Provided data
********

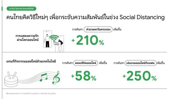 การปรับตัวของคนไทยที่หันมาใช้ออนไลน์ ทำให้คนไทยรักษาความสัมพันธ์กับคนใกล้ตัวได้ แม้จะต้องอยู่ในสถานการณ์กักตัว หรือไม่สามารถเดินทางได้ โดยค้นหาคำอวยพรเพิ่มขึ้น 210% กิจกรรมออนไลน์ในลักษณะของ Virtual เพิ่มสูงขึ้นอย่างคอนเสิร์ตออนไลน์ 58% และเล่นเกมออนไลน์กับแฟนเพิ่มขึ้นกว่า 250% แสดงให้เห็นถึงรูปแบบการกระชับความสัมพันธ์กับคู่ชีวิตมากขึ้น
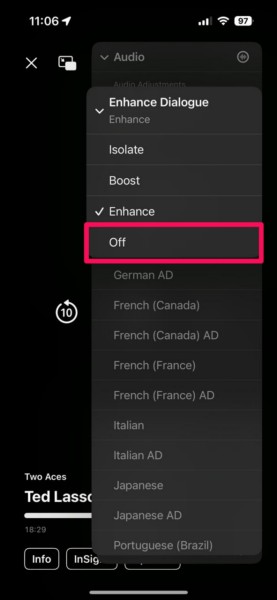 6.如果您想稍後禁用增強對話功能,打開音頻設置在播放器內和選擇關閉選項根據增強對話部分。
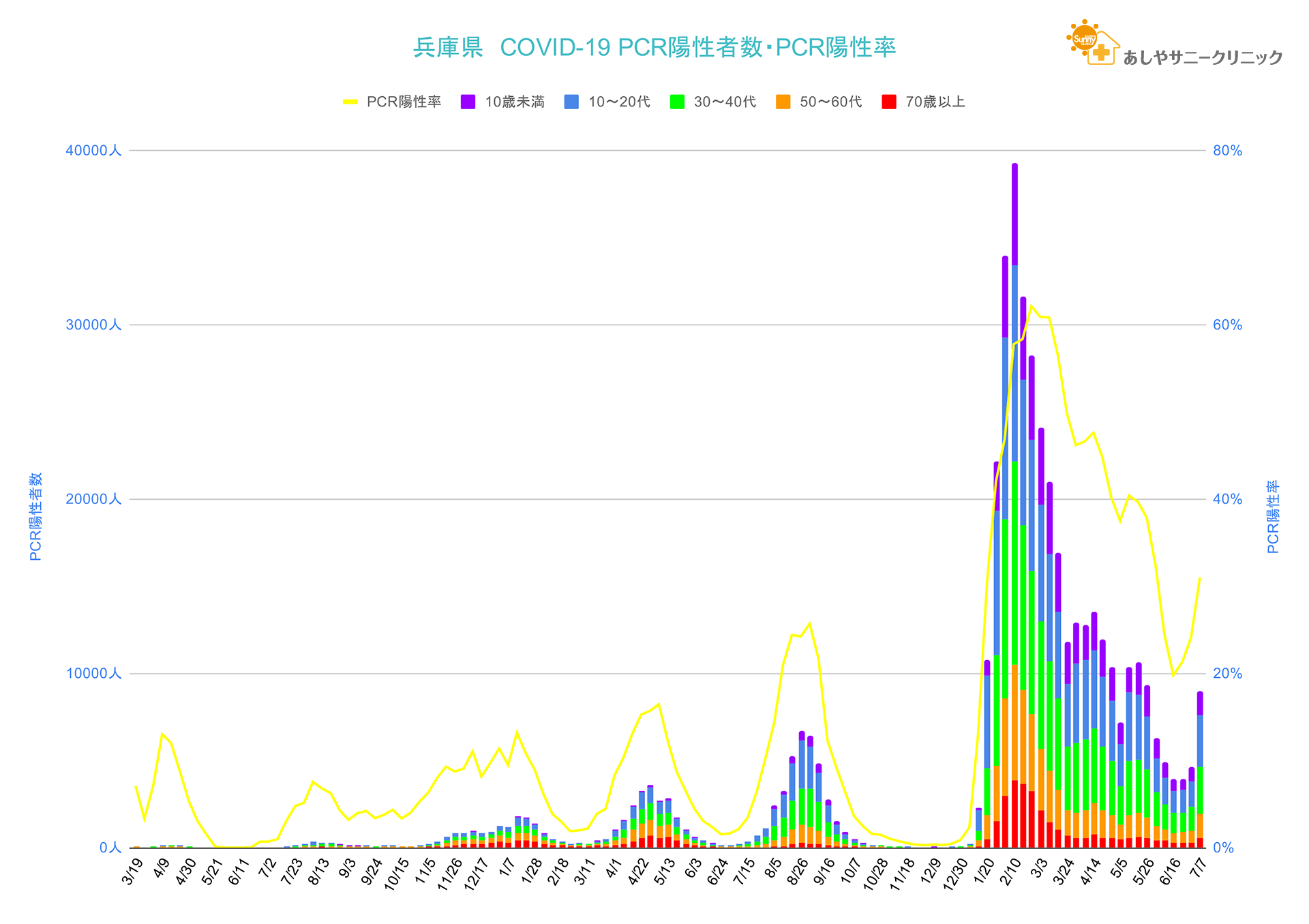 PCR陽性者数は2週連続で増加し、先週の1.8倍になり第6波のピークを上回りました。第7波になりつつあるという印象です。
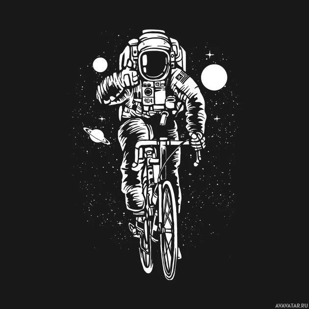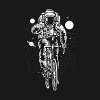 a black background which contrasts with the white outlines and colors used for the astronaut and bicycle, making them stand out prominently.

********

Your objective
The required output is every line from the one containing "PCR陽性者数は2週連続で増" through the last line of the data above, restated exactly and without pictures.

Answer section
 PCR陽性者数は2週連続で増加し、先週の1.8倍になり第6波のピークを上回りました。第7波になりつつあるという印象です。
 a black background which contrasts with the white outlines and colors used for the astronaut and bicycle, making them stand out prominently.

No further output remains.